These findings also highlighted the need to further characterize the coffee-associated microorganisms especially under field conditions in order to develop some efficient microbiota-based alternatives to conventional fertilizers.
Potential Uses as Biocontrol Agents
Microorganisms colonizing several coffee plant compartments have been examined for their potential use as biocontrol agents including bacteria and fungi isolated from the rhizosphere (Mulaw et al., 2010; Kejela et al., 2016), the episphere (Haddad et al., 2014; Leong et al., 2014), and the endosphere (Silva et al., 2012; Hoang et al., 2020; Duong et al., 2021).
As for the plant growth-promoting agents, several in vitro screenings of potential biocontrol capacities were employed. For example, it was successfully demonstrated that numerous bacterial isolates (from the genera: Acinetobacter, Aeromonas, Alcaligenes, Bacillus, Brachybacterium, Brevibacillus, Burkholderia, Cedecea, Caballeronia, Cellulomonas, Chromobacterium, Chryseobacterium, Chryseomonas, Curtobacterium, Enterobacter, Erwinia, Escherichia, Flavobacterium, Herbaspirillum, Kitasatospora, Lechevalieria, Leifsonia, Luteibacter, Microbacterium, Micrococcus, Mycobacterium, Mycolicibacterium, Nocardia, Ochrobactrum, Paenibacillus, Paraburkholderia, Pasteurella, Pectobacterium, Pseudomonas, Rhizobium, Salmonella, Serratia, Sinomonas, Streptomyces, and Vibrio) were able to produce some enzymes including chitinases, gelatinases, lipases, and proteases (Muleta et al., 2009; Tiru et al., 2013; Kejela et al., 2016; Asyiah et al., 2018; Hoang et al., 2020; Duong et al., 2021) as well as some other active compounds like HCN and siderophores (Muleta et al., 2007; Silva et al., 2012; Tiru et al., 2013; Duong et al., 2021), already known to be involved in the biocontrol mechanisms (Compant et al., 2005; Saraf et al., 2014; Köhl et al., 2019).
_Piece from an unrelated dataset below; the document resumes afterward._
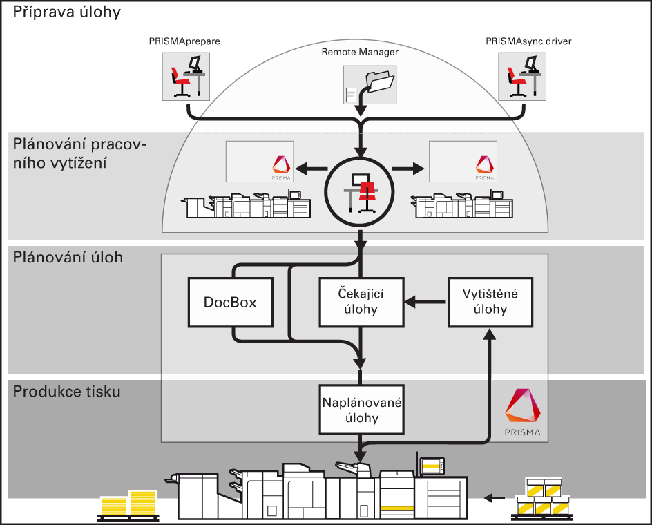 Následující obrázek znázorňuje postup zpracování úlohy tisku dokumentů od přípravy úlohy po doručení výtisků.
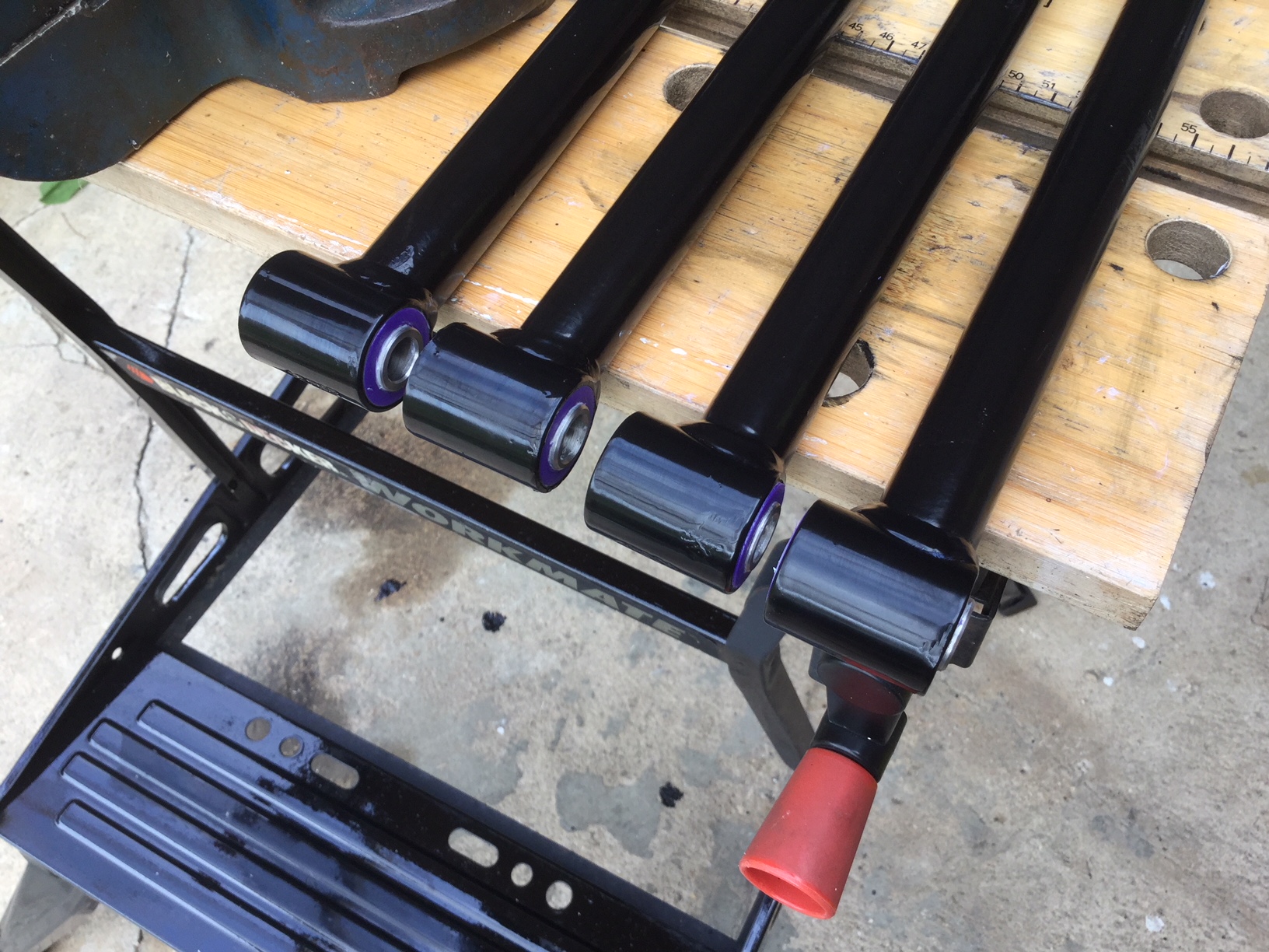 Blimey, that does a LONG way. It poured way quicker than I was expecting when I was decanting into a small aerosol lid. Probably around 60 ml of paint. That covered two coars on the trailing arms, most of the faded coating on my workmate, and the handle on my trolley jack. Still had a load left in my lid, but the light was going....

Another approach that was extensively employed to highlight the biocontrol capacity of bacterial and fungal isolates involved the confrontation of the pathogen either directly with the antagonist (dual culture method) or with the compounds secreted in the culture medium (agar diffusion method). This strategy was successfully employed to demonstrate the ability of some biocontrol agents to inhibit the development of some of the major coffee diseases such as the CLR caused by the fungal pathogen H. vastatrix (Shiomi et al., 2006; Bettiol et al., 2007; Silva et al., 2008, 2012; Daivasikamani and Rajanaika, 2009; Haddad et al., 2013) or the coffee wilt disease (CWD) also known as tracheomycosis caused by the fungal pathogen Gibberella xylarioides (Muleta et al., 2007; Mulaw et al., 2010, 2013; Tiru et al., 2013). This methodology was also used to reveal the microorganisms biocontrol potential toward numerous other phytopathogens including Alternaria alternata, A. solani, Ambrosiella macrospora, Botrytis cinereal, Colletotrichum gloeosporioides, C. coffeicola, Fusarium oxysporum, F. solani, F. verticillioides, Glomerella sp., Macrophomina phaseolina, Myrothecium roridum, Pestalotia longisetula, Phoma sp., Phytophthora capsici, P. meadii, Pythium aphanidermatum, Rhizoctonia solani, and Sclerotinia sclerotiorum (Nair et al., 2002; Mulaw et al., 2013; Bongiorno et al., 2016; Kejela et al., 2016; Monteiro et al., 2017; Ranjini and Raja, 2019; Hoang et al., 2020; Duong et al., 2021) but also some pests such as the coffee berry borer Hypothenemus hampei (Vega et al., 2008), the root knot nematode Meloidogyne incognita (Mekete et al., 2009; Hoang et al., 2020), the burrowing nematode Radopholus duriophilus, and the root lesion nematode Pratylenchus coffeae (Duong et al., 2021), as well as some toxigenic fungi including Aspergillus carbonarius, A. flavus, A. niger, A. ochraceus, and A. westerdijkiae (Masoud and Kaltoft, 2006; Ramos et al., 2010; Djossou et al., 2011; Leong et al., 2014; De Melo Pereira et al., 2015a; De Almeida et al., 2019).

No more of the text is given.